Last night I had to pick up another doodle (weird coincidence) from her family. Just a month and half ago their whole world went upside down. The mother was involved in a severe golf cart accident, in icu and on life support with neurological and orthopedic problems. the house where this happened (vaca house) is not a happy place for them to visit, her income is missing so they are in dire financial straits and she is coming home in a week and is still very fragile. the family has a 6 year old setter type dog (very placid) and a 2 year old doodle. It was so sad because they all love this dog very much but they know that one push by her could be fatal to the mother. they were all crying, petting, loving on her, the father kept telling her that daddy loves her, she of course is bouncing all over the place. I kept reinforcing that we find wonderful homes that are caring and will take wonderful care of her, but i know i would be destroyed by this.
he knew it was for the best of his wife, but it tore the family apart. I tried not to feel guilty for taking their dog away. it's amazing what can change your life, just one wrong turn, or a golf cart overturning.
hug your puppies, and put on your seatbelts.
beth, moose and angel


----------



## paula bedard (Feb 5, 2008)

That is so sad. I wish the family well and hope the Mom can make a healthful recovery.


----------



## mylissyk (Feb 25, 2007)

There are those that you know would never give up the dog in any other circumstance. I hope the mom recovers well, and I know the pup will get a wonderful new home and family.


----------



## C's Mom (Dec 7, 2009)

Thank you for helping this girl out. Hope she finds a wonderful home.


----------



## Debles (Sep 6, 2007)

That is what rescue is for, it is so sad but the dog will find a great home.


----------



## Karen519 (Aug 21, 2006)

*MaineGirl*

MaineGirl

I am so sorry you have to go through this sadness with the owner surrenders, but what a SERVICE you are doing?

Did you take both the Doodle and the Setter?

That poor, poor, family-how tragic!!


----------



## BeauShel (May 20, 2007)

I pray the lady makes a full recovery.
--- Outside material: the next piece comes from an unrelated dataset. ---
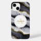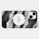 This elegant black and grey with gold faux glitter design looks stunning on this iPhone 14 case, ready for you to personalize with your name and initial. This stylish phone case would also make a great gift for a friend or loved one.

Those are the cases that really break your heart. You know they dont want to give the dogs up but know that it is in the best interest in the pups. I hope she finds a new home soon.


----------



## GoldensGirl (Aug 2, 2010)

*If it weren't for you*

If it weren't for you and the generosity of your heart, dogs in situations like this would have nowhere to go but shelters that would euthanize them. That would surely be even more heartbreaking for the families that have to give them up. 

I'm sure everyone here is grateful for the care you give, hoping we never have to rely on a rescue to save our babies' lives, but knowing that beats the alternative by a landslide.

Thank you from the bottom of my heart.
Lucy


----------



## mainegirl (May 2, 2005)

Karen519 said:


> MaineGirl
> 
> I am so sorry you have to go through this sadness with the owner surrenders, but what a SERVICE you are doing?
> 
> ...


no, karen the setter is so calm that there is no danger to the mother, but the doodle is just hyper crazy.
beth, moose and angel


----------



## mainegirl (May 2, 2005)

BeauShel said:


> I pray the lady makes a full recovery. Those are the cases that really break your heart. You know they dont want to give the dogs up but know that it is in the best interest in the pups. I hope she finds a new home soon.


i have a home study for someone wanting the doodle, tomorrow night, when we get a doodle like this one, we get emails from all over the country. 
beth, moose and angel


----------



## booklady (Mar 3, 2009)

I know it was very difficult for you and heartbreaking for the family; but, yes, this is what rescue is for. The frivolous surrenders, whether to rescue, to shelters or CL, happen so often that it is good to remember rescues should be a true service not a convenience.

Prayers for the mother's healing and for the whole family.


----------



## fostermom (Sep 6, 2007)

How sad. I am thankful that they contacted a rescue to take the dog.


----------